When CSV2file detects a togglefield being used, it does NOT simply replace the variablename with the value of the toggle (which is either a 1 or a 0). Rather, it tests the value of the toggle, and substitutes prespecified text depending on whether the value is a 1 or a 0. If no substitution text is supplied, the toggle is ignored entirely. Substitution is detailed below.
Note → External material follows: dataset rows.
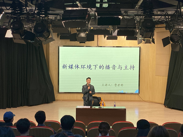 在分享会中,曹君骅老师首先讲述了传统媒体播音发声及语言塑造的特点,并通过自身的经验分享了在新媒体时代下结合各年级阶段所学习的方向、目的和要点,在讲座最后,曹君骅老师耐心亲切的和同学们分享互动,针对大一、大二和大三年级的学生通过工作岗位中的实务演练进行现场的指导和交流。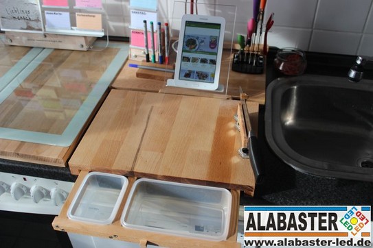 Das Brett sollte auch einen Halter für ein Tablet bekommen, auf dem man sich evtl. Re-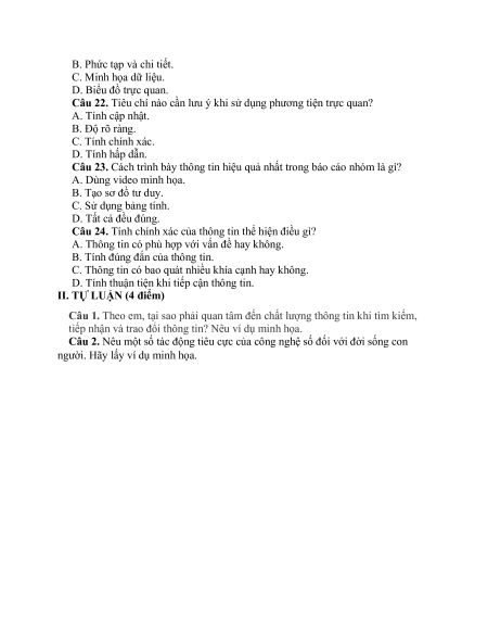 Câu 22. Tiêu chí nào cần lưu ý khi sử dụng phương tiện trực quan? A. Tính cập nhật. B. Độ rõ ràng. C. Tính chính xác. D. Tính hấp dẫn.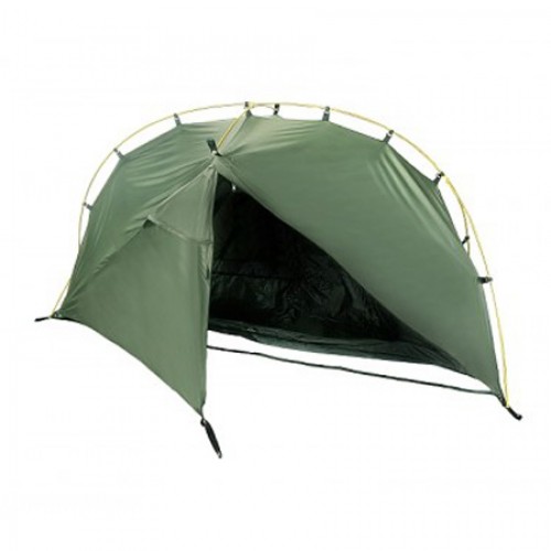 Одноместная туристическая палатка. Очень легкая и компактная двухслойная палатка с превосходной вентиляцией. Тент из прочной армированной ткани, все швы на тенте и на полу проклеены. Складной наружный каркас на шарнирах с фиксацией. Благодаря наружному каркасу, палатка устанавливается легко и быстро, кроме того, при установке под дождем, спальня остается сухой. Материал спальни - сетка, возможна установка тента без спальни. 1 вход, 1 тамбур. Отлично подходит для сольных велопутешествий.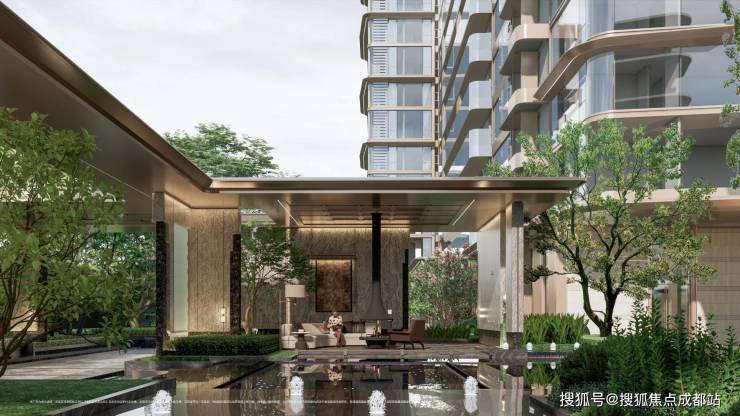 【落影橱窗】迎宾水庭与光影橱窗相映,以博物馆级空间礼序营造尊贵归家体验。

[5] Note: Up to 200 substitute commands may be supplied in a single module. These commands essentially replace a variable in the template with data supplied in the INI file, instead of the CSV. The first parameter on the substitute= line is the name of the variable to replace. This variable must be listed in either datadesc or toggletitles (ie. the data to replace must be in the CSV). The second parameter is the text to replace the variable with. If the variablename is found in toggletitles, the second parameter is only inserted if the value of the variable (as defined by the togglefield coming out of the CSV for this particular row of CSV data) is 1. Otherwise, the third parameter is inserted instead (ie. when the value of the toggle in the CSV is 0). If the variable is not a toggle (ie. it was not found in toggletitles), the third parameter, if supplied, is ignored.

[6] Note: The nameby line selects which column of CSV data is used as the filename for each file generated. If nameby is left blank, a randomly-generated filename is used.

[7] Note: The indexwith line denotes which togglecolumns, if any, are indexed alongside each index entry. This feature is used to create an index comprised of a table of the CSV data. For example, if the source CSV contains a product name and a togglefield, the product name can be used as the index entry (defined with indexby); next to each name can be the fields you specify in indexwith. If the value of the specified togglecolumn(s) is false, the text supplied in the indexfalse line is inserted into the index. If the value is true, the text supplied in the indextrue is inserted instead. The togglefields are output in the order specified by the indexwith setting.

The indexcellfalse and indexcelltrue settings can HTML to be inserted into the <TD> tag of the cell holding the above text. This feature is to allow the above text to be aligned and styled.

[8] Note: The ftpdummyfile line specifies a file to download and discard. This is required in order to remove orphaned files from the FTP server. The file is not itself deleted; the FTP module does not permit a delete operation without a filename also being supplied, however. The file is simply downloaded and ignored. As a download can take time, select a file which is small - perhaps robots.txt, which should be in the root of your webspace..? This is indeed a "kludge".. unfortunate, but necessary!

[9] Note: The ftpindexname line specifies a file to hold the generated index on the FTP server. When a set of pages is generated, the index is named "index.htm" on the local system. However uploading this file to a webserver may overwrite some other index file. Therefore, this setting allows the name of the file on the server to be specified. If this setting is left blank, no index is uploaded at all.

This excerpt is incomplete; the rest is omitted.